Nanoowl inference takes more time than nanoowl official github shows

Thank you for updating the Jetson Gen AI Lab demos!

I tried to run nanoowl on Jetson AGX Orin 64GB, when I use owl_image_encoder_patch32.engine , it takes about 40~60 ms to inference, but the official github says it will reach 95fps, almost 10 ms for one inference?
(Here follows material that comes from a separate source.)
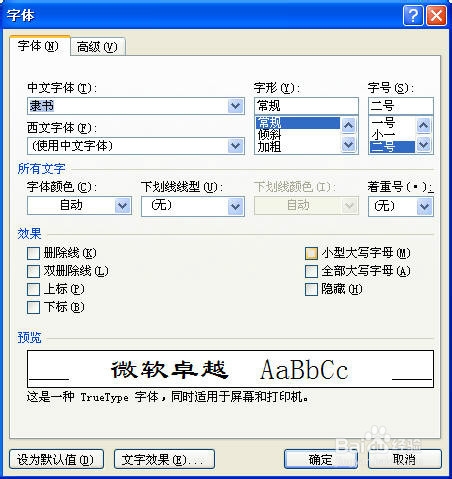 在“字体”选项组中选择“字体”下拉列表框中的“隶书”选项选择“字号”下拉列表框中的“二号”选项,如图所示。

nanoowl official github performance:

When I change the model to owlv2-base-patch16-ensemble.engine(image size=900, patch_size=16), the inference time become almost ten times the owlvit takes, inference average time is about 400+ms :

it seems image encoding takes almost time, but the encode part of owlvit and owlv2 seems not changed so much, before using tensorRT to engine model, original transformer owlvit and owlv2 inference is almost same.
I split the nanoowl into several parts, encode image takes most of the time:

the inference time just include predictor.encode_text() and predictor.predict()

the Power mode is MAXN now, what should I do to reach the fps performance as the official github shows?

---------------------------just change the language---------------------

在Orin 64G上运行nanoowl,使用owl_image_encoder_patch32.engine,按照官方github实例的代码运行,每帧耗时约40+ms,但是官方github该模型的运行能够达到95FPS。

将engine模型替换成owlv2,image_size=900, patch_size=16,同样转化为fp16的engine模型,每帧耗时几乎为owlvit-vitB/32的十倍,但是未进行tensorRT加速前,transformer库代码测试出的owlvit和owlv2的模型耗时几乎是相同的。


现在使用的Orin的Power mode已经是MAXN模式了



Have you also maximized the clock to the maximum?


Thank you for your reply!

I used the jtop CTRL to change ‘Jetson Clocks’ from ‘inactive’ to ‘running’, nothing changed.

I’m not sure this ‘Jetson Clocks’ is what you mentioned ‘clock’?


Yes, jetson_clocks is what we indicate.
We need to give it a try internally and update more info wit you later.